The energy of the electron in the 2s state is -12.98 eV, the energy in the 3s state -10.84 eV. What is the wavelength of the absorbed photon?
E1 - E2 = h c/(wavelength)
The energy difference (E1 - E2) is 2.14 eV
Change that to Joules and use the equation above.
This is easy stuff. Make an effort.
To find the wavelength of the absorbed photon, we need to apply the equation that relates energy and wavelength in photons.
First, let's find the energy difference between the 2s and 3s states of the electron. We subtract the energy of the 2s state from the energy of the 3s state:
ΔE = Energy of 3s state - Energy of 2s state
ΔE = -10.84 eV - (-12.98 eV)
ΔE = -10.84 eV + 12.98 eV
ΔE = 2.14 eV
Now, we can use the energy-wavelength equation:
E = (hc) / λ
Where:
E is the energy of the photon (in Joules),
h is Planck's constant (6.626 x 10^-34 J·s),
c is the speed of light (3.00 x 10^8 m/s), and
λ is the wavelength of the photon (in meters).

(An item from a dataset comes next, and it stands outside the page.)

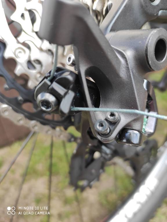 clip7 Opublikowano 10 Kwietnia 2021 Autor Opublikowano 10 Kwietnia 2021 Może zacznę od początku. Rower GC 7.9 AL SLX 29", sztywna oś tył 12x142 DT Swiss 350 SP. Wcześniej miałem bębenek 11 rzędowy i wymieniłem na Micro Spline 12 rzędowy. Jeździłem na napędzie Shimano M8000 2x11 z kasetą 11-46. Teraz montuję Shimano M8100 1x12 z kasetą 10-51. I tu pytanie na wstępie: czy muszę wymienić hak przerzutki? Ten ma jakieś oznaczenie #39. Zamontowałem przerzutkę tak jak w instrukcji czyli tak, żeby płytka blokująca stykała się z ogranicznikiem haka przerzutki bez żadnego odstępu. Potem regulacja wysokiego przełożenia. Zmontowałem łańcuch, wszystko zgodnie ze sztuką (4-5 ogniw więcej) potem linka i pancerz. I jadę manetką w górę. Gdzieś przy 10-11 biegu przerzutka zaczęła trzeć o zębatkę kasety i stąd te przetarcia na przerzutce. Wkręciłem śrubę regulacji odległości górnego kółka od kasety do końca i mimo to wciąż było za mało. Więc odkręciłem przerzutkę i odsunąłem płytkę blokującą od ogranicznika haka o jakiś kawałek. Teraz przerzutka jest niżej i nie trze o największe tryby kasety. Jednak po pierwsze: z tyłu przerzutki jest łuk z dwoma znacznikami, do których ustawia się pozycję przerzutki do największej zębatki kasety. Na filmach widzę, że ten łuk powinien być jakby styczny do okręgu największej zębatki a u mnie jest mocno przechylony. Regulacja śruby powoduje tylko przesunięcie tego przechylenia w górę i w dół a nie zmianę kąta. Po drugie: w tej pozycji działało do 11 biegu. 12 po prostu nie chciał wejść gdyż ramię cięgna przerzutki opierało się już o jej korpus (tu wnioskuję, że to nie może być wina ani haka, ani niczego innego - może się mylę). Zacząłem trochę kombinować i delikatnie dociskać przerzutkę. Teraz na manetce zaczyna jakby wstrzeliwać ostatni bieg ale nie jest to jakby pełne wstrzelenie. Łańcuch na chwilę wpada i znów spada z największej zębatki. Cały czas widzę, że ramię cięgna opiera się o korpus i dlatego górne kółko przerzutki nie może prawidłowo ustawić się pod największą zębatką. O co chodzi? Czy trzeba rzeczywiście wymienić hak, na jaki? Proszę o pomoc. Chyba rzeczywiście potrzebuję haka, który jest bardziej pionowo: Derailleur Hanger No. 38 | CANYON PL

First, we need to convert the energy difference from electron volts (eV) to Joules (J). The conversion factor is:
1 eV = 1.602 x 10^-19 J
So, the energy difference in Joules is:
ΔE (J) = 2.14 eV x (1.602 x 10^-19 J/eV)
ΔE (J) = 3.429 x 10^-19 J
Now, we can rearrange the energy-wavelength equation to solve for the wavelength (λ):
λ = (hc) / ΔE
Substitute the given values:
λ = (6.626 x 10^-34 J·s x 3.00 x 10^8 m/s) / (3.429 x 10^-19 J)
λ = 1.823 x 10^-6 m
Therefore, the wavelength of the absorbed photon is approximately 1.823 x 10^-6 meters.